Later she moved to Las Vegas, working for the College of Southern Nevada, then found her calling in starting the Business Connection. From the late 1990s until a couple years after her cancer diagnosis in 2005, Schafer's company held a contract to assist the roughly 100 young adults who aged out of Clark County's foster care system.
Schafer's job: provide a buffer, or transition, for some of the most vulnerable foster children as they navigated an unforgiving world, said Ken Meyer, a foster care consultant who worked with her. Most had never found an adoptive home, due to mental health problems, learning disabilities or illness, such as cancer or lupus.
Utilizing contacts at the Clark County School District, the juvenile court, and friends such as Fred and Nancy Gillis at the Center for Independent Living, she helped the young adults gain high school diplomas, explore careers in the military or the federally funded Job Corps, arrange housing and learn basic financial literacy.
Through Schafer's business, they learned how to send a letter, open a checking account, ride a city bus and use a coin-operated laundry machine.
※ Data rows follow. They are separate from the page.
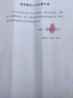 接受媒体采访时,韩玉新满腹委屈,他说:“一审过程中,法院并未将赤峰学院附属医院司法鉴定中心终止鉴定的情况告知于我,也没有告知委托天津天意司法鉴定所进行了第二次鉴定的相关事项,我是在收到判决书后才得知此事。同时我也咨询了相关的医学专家并查阅了很多资料,正中神经分布的部位应该在手臂内侧而不是郭香依受伤的手臂外侧,因此郭香依要求为其鉴定正中神经损伤的要求被赤峰当地的鉴定中心拒绝而终止鉴定。对于司法鉴定所出具的鉴定结果,我充满质疑,2024年12月23日,在二审过程中,我向法院提出请求鉴定人员出庭申请,也未得到支持。”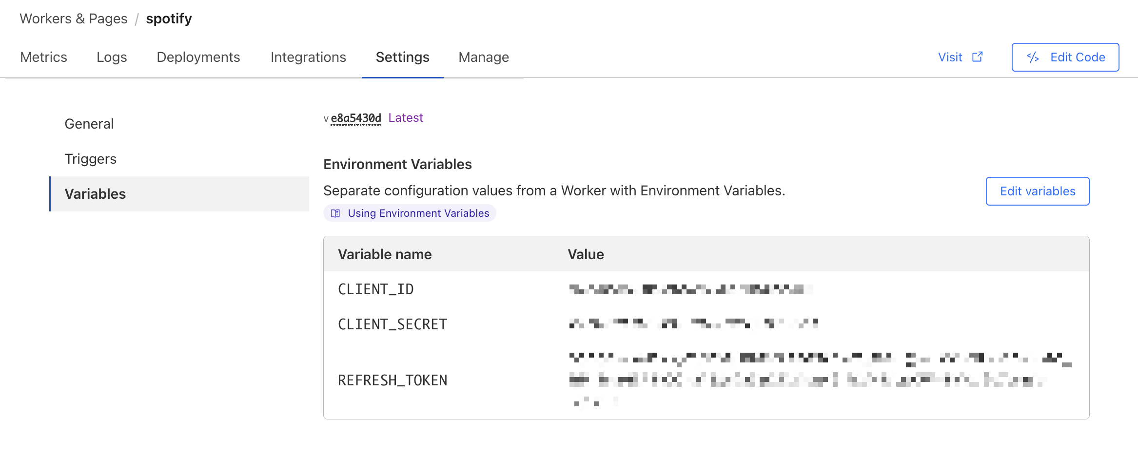 - In Cloudflare Worker settings, go to the Variables section.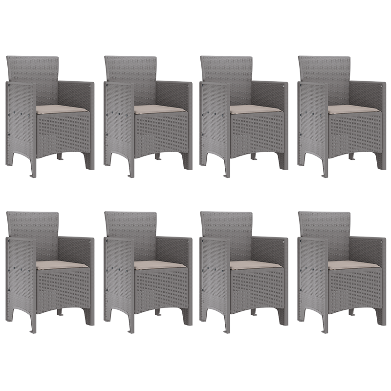 Dieses Garten-Essset aus strapazierfähigem Kunststoff-Rattan hat einen geräumigen rechteckigen Tisch und acht bequeme Stühle – super für Essen im Freien. Mit seinem modernen Look und der hellgrauen Farbe bringt es Schwung in jeden Balkon oder jede Terrasse. Es schafft einen stilvollen und praktischen Raum für Treffen, Grillpartys und Familientreffen. Robuste Bauweise: Das Kunststoff-Rattan sorgt dafür, dass dieses Essset auch im Freien lange hält und bei verschiedenen Wetterbedingungen gut aussieht. Geräumige Sitzplätze: Mit einem Tisch, der Platz für 8 Personen bietet, und acht passenden Stühlen, ist dieses Set perfekt für das Feiern mit Familie und Freunden im Freien. Modernes Design: Die klaren Linien und die matte Oberfläche des Sets geben ihm einen modernen Touch, der gut zu jeder Außen-Deko passt und das Gesamtbild deines Bereichs aufwertet. Wetterfest: Dieses Garten-Essset fürs Draußen hält den Elementen stand und ist daher eine praktische Wahl für saisonale Feiern. Pflegeleicht: Die Materialien machen die Reinigung super einfach; einfach die Oberflächen abwischen, ohne aggressive Chemikalien zu brauchen.

"She was more interested in the overall outcome of an individual," Meyer said. "Because she could be detail-oriented she was able to coordinate with the bean counters and then on the other side she could have the compassion of a person that understood somebody with disabilities isn't going to get it the first time, or maybe never. Having five kids of her own, she understood what was needed to get one of them ready to live on their own," Meyer said.
In the weeks after her death, do her own children think she was trying to give one final tutorial?
"I have to," Leo Schafer says. "I have to believe she wanted us to go through a journey.
"Learning through experience can be a little more valuable."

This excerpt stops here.